Four years and an Internet lifetime ago, John Davis III issued a now-quaint press release to stake his claim to a footnote in online history: the first real-time hotel booking in cyberspace. And not a minute too soon, since a mere five days later Fort Worth’s Travelocity would go live with full capability to book not only hotels but also airlines and rental cars, backed by the firepower of American Airlines’ Sabre reservation system.

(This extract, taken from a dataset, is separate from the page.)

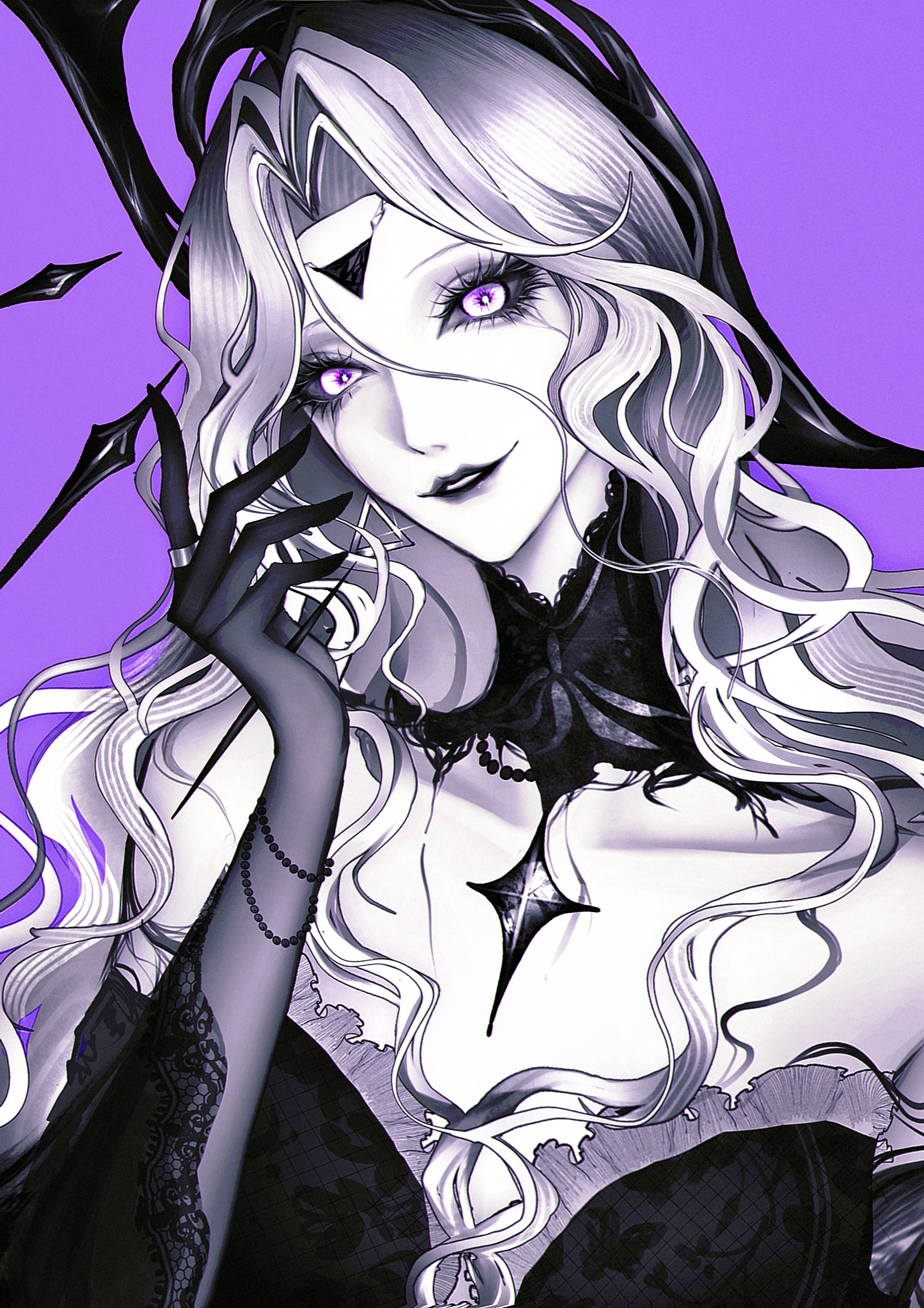 1girlbare shoulderscollarbonediffraction spikesearringselbow glovesfloatingfloating objectforehead jewelglovesglowingglowing eyesgrey hairhair between eyesirrheia (path to nowhere)jewelrylace collarlimited palettelong hairlooking at viewernecklacepale skinparted lipspurple backgroundpurple eyespurple themesimple backgroundsmilesolostar (symbol)star necklacetriangle earringsupper bodywavy hair

Undeterred, Davis patiently built TravelWeb and its parent company, Pegasus Systems, into a powerful, nearly invisible backbone of the world’s network of electronic hotel re-servations. By embracing the glamour-free dirty work of transactions processing, building user interfaces, and collecting and paying reservations-agent commissions, he has maneuvered himself into the enviable position of collecting fees of up to 5 percent on the majority of all online hotel bookings—a situation that’s likely to improve, thanks to Pegasus’ recent acquisition of REZsolutions. The hotel-services company had been among the world’s most powerful reservations facilitators; in a single stroke, Davis increased his workforce from 150 to 2,100 and his number of offices from 2 to 50, and he quadrupled his annual revenues. He also gained the tools necessary for global expansion: access to international hotel markets, contracts with major non-chain hotels, and a network of reservations offices around the world. The hidden gem of the deal is REZsolutions’ NetRes technology, which makes possible Web-based communications between hotels and their customers and vendors.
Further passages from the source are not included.